Shadow chancellor Rachel Reeves reaffirmed her commitment to charging VAT on private school fees, and announced measures to tackle fraud and waste including a “Covid Corruption Commission” to claw back money lost to corruption during the pandemic.

The Liberal Democrats’ major policy was on cancer care, with Sir Ed Davey saying he would invest £4 billion in NHS cancer treatment over the next five years and give cancer patients a legal right to start treatment within 62 days of an urgent referral.

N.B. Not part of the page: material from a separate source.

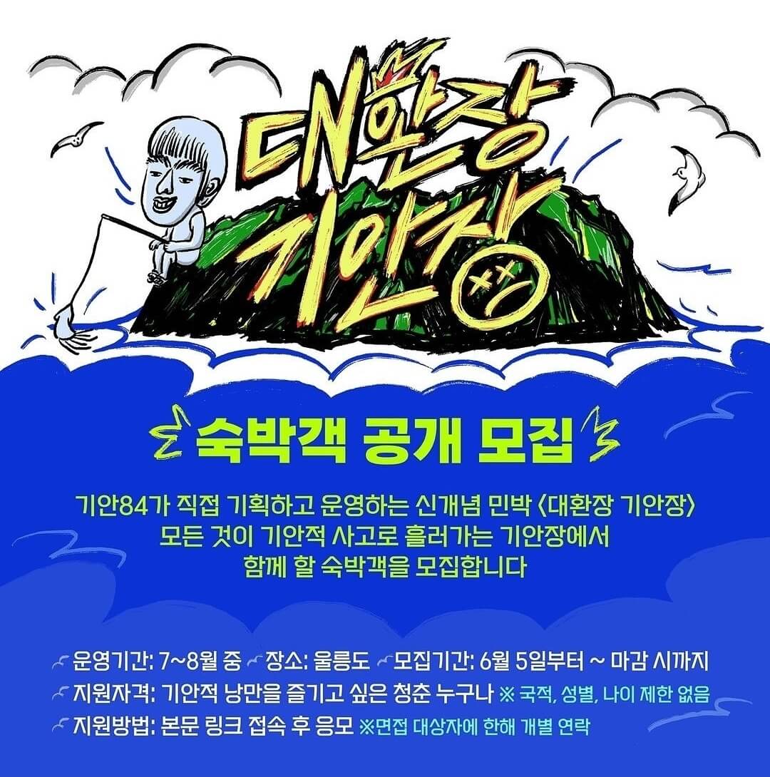 기안84가 운영하는 민박집에 머물고 싶은 청춘 누구나 신청이 가능하며, 모집기간은 6월 5일부터 시작되었습니다.

Sir Ed said he hopes to build a cross-party consensus “to make cancer a top priority in the next parliament”.

– What other conferences took place this year?

Away from the major conferences, Britain’s smaller parties staged gatherings of their own.

In Brighton, the Green Party set out plans to target four seats at the next election – its existing seat of Brighton Pavilion, plus Bristol Central, Waveney Valley in East Anglia, and North Herefordshire – and said it would be open to a deal with Labour if needed after the election.

The small Reform Party, previously known as the Brexit Party, staged a conference in central London at which Nigel Farage attacked the Conservatives for copying his party’s rhetoric, but not its policies.